Tot de overige gedaagden behoren Credit Suisse AG, samen met haar dochterondernemingen Credit Suisse Group AG en Credit Suisse Securities USA LLC, en Deutsche Bank AG en Deutsche Bank Securities Inc.
De advocaten van de banken en de aanklagers weigerden na de hoorzitting commentaar te geven.

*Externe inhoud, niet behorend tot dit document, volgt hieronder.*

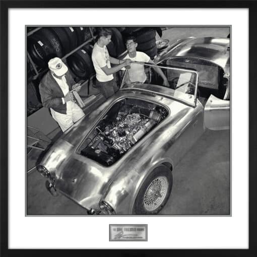 The first Cobra being built at Dean Moon’s Shop. February 1962 20″ x 20″ print on silver metallic paper in a black frame with pewter plaque.
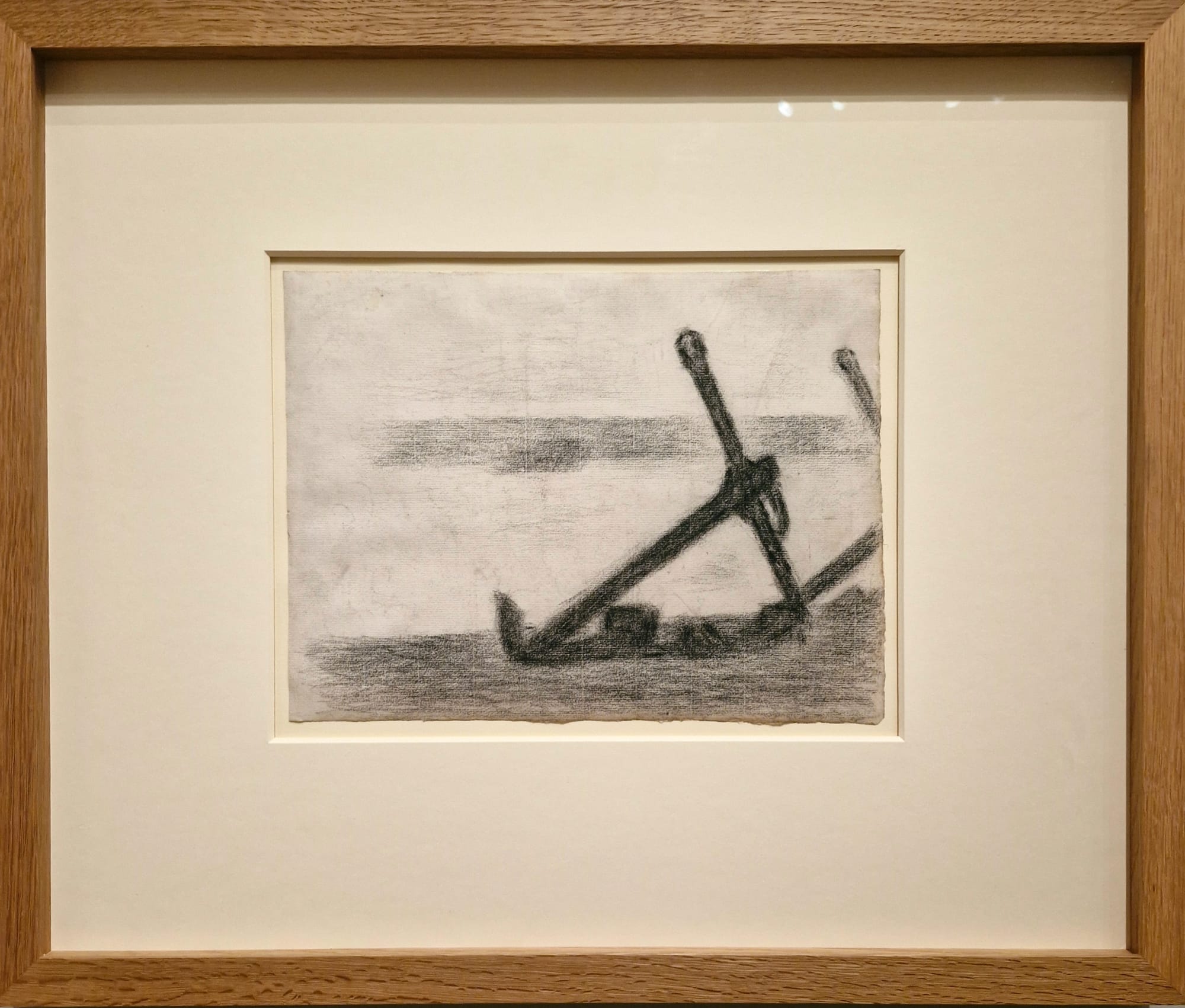 The exhibition really succeeds with its preparatory versions of the larger completed paintings. Compare, for example, “Le Bec du Hoc (Grandcamp)” from the Tate and its miniature study version from the National Gallery of Australia, Canberra (both 1885). In the study, the singular beak-like rock formation is rendered in larger “points” of relatively consistent distribution and direction, with slightly elongated horizontal dashes defining the sea area. For the final version, the angular dash direction is dialed up a notch, and the diagonal hatching is more distinct, resulting in a chaotic atmosphere. Similarly, the presence of a preparatory study for “The Channel of Gravelines: An Evening” (1890) from the Victoria & Albert Museum is fascinatingly alarming because it is the visual and formal antithesis of its finished version at the Museum of Modern Art in New York; in the study, smooth Conte crayon outlines silhouetted anchors against a flatly delineated beach.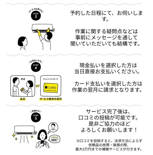 ・ご予約が集中し、ご希望の日時に伺えない場合がございます。その場合は、【メッセージ】にて改めて日時をお伺いします。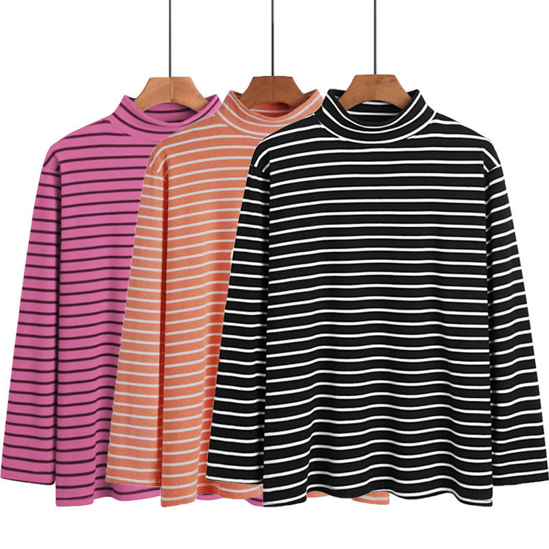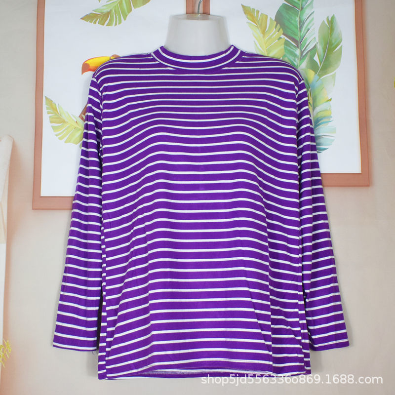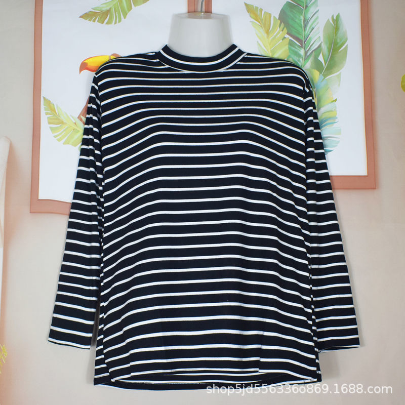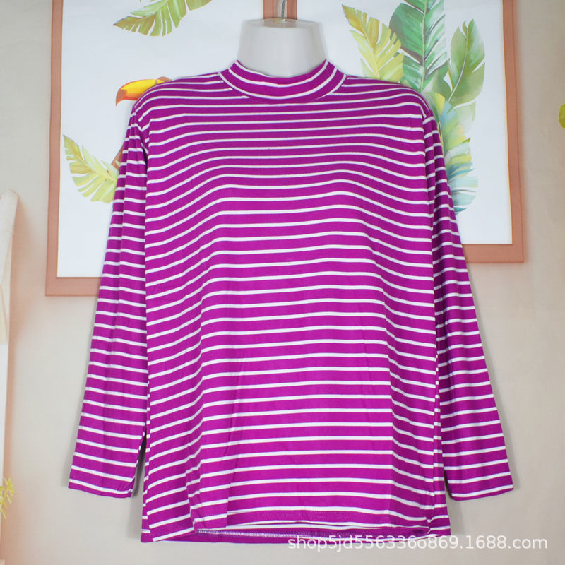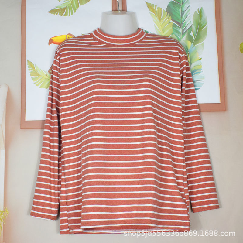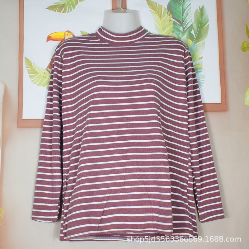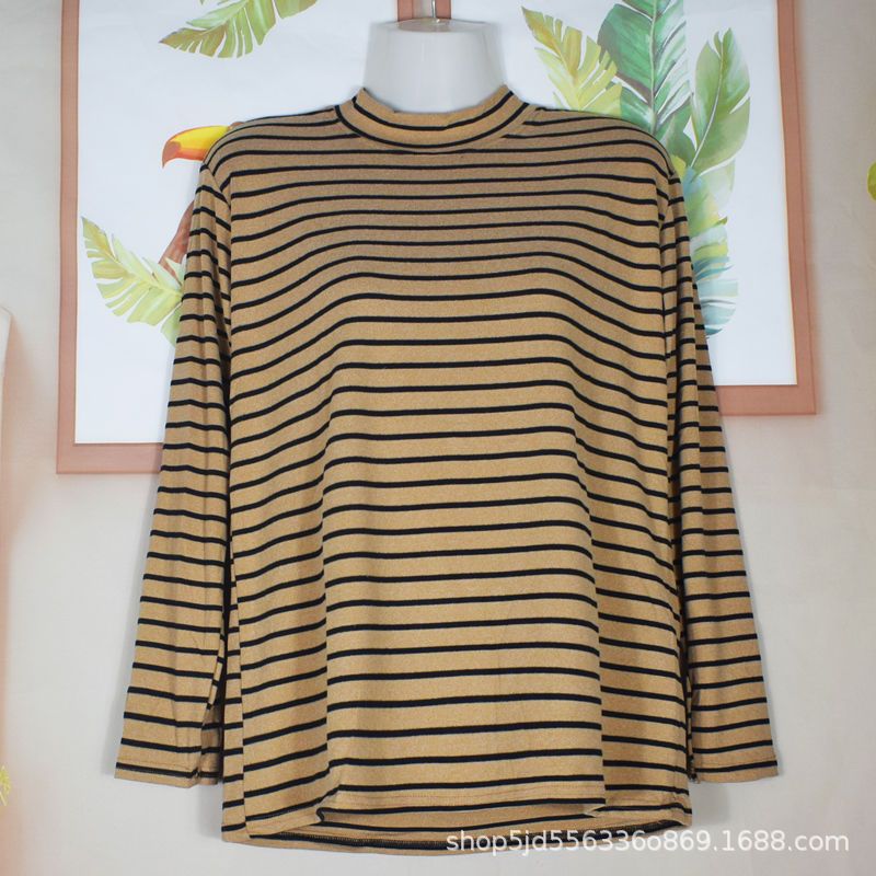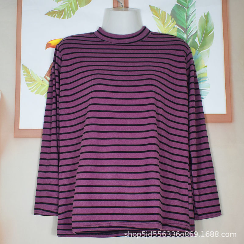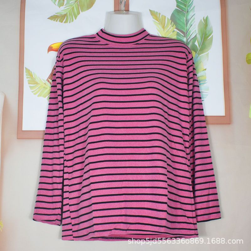 Женская одежда среднего и пожилого возраста, немецкая бархатная полосатая футболка с полуводолазкой и длинными рукавами, весенне-осенняя одежда больших размеров для мам, верхняя нижняя рубашка, партия

Interim co-lead class counsel is Michael D. Hausfeld, Bonny E. Sweeney, Reena A. Gambhir, Timothy S. Kearns, Nathaniel C. Giddings, en Sarah R. LaFreniere van Hausfeld LLP, en David R. Scott, Joseph P. Gugliemo, Donald A. Broggi, Peter A. Barile III, Sylvia M. Sokol, Thomas K. Boardman, Christopher M. Burke, Walter W. Noss, Kristen M. Anderson, Stephanie A. Hackett en Jennifer J. Scott van Scott & Scott Attorneys at Law LLP.
Bank of Toyko-Mitsubishi UFJ Ltd. wordt vertegenwoordigd door Kenneth A. Gallo en Michael E. Gertzman van Paul Weiss Rifkind Wharton & Garrison LLP.
Morgan Stanley en haar gelieerde ondernemingen worden vertegenwoordigd door Jonathan M. Moses en Bradley R. Wilson van Wachtell Lipton Rosen & Katz, en Kevin H. Marino en John Tortorella van Marino Tortorella & Boyle PC.
Société Générale wordt vertegenwoordigd door James R. Warnot Jr., Adam S. Lurie en Patrick C. Ashby van Linklaters LLP.
RBC Capital Markets LLC wordt vertegenwoordigd door James P. McLoughlin Jr. en Neil T. Bloomfield van Moore & Van Allen PLLC.
Standard Chartered PLC wordt vertegenwoordigd door Andrew W. Stern, Nicholas P. Crowell en Alan M. Unger van Sidley Austin LLP.
De zaak is In re: Foreign Exchange Benchmark Rates Antitrust Litigation, zaaknummer 1:13-cv-07789, in de U.S. District Court for the Southern District of New York.
Aanvullende rapportage door Melissa Daniels. Bewerking door Jack Karp.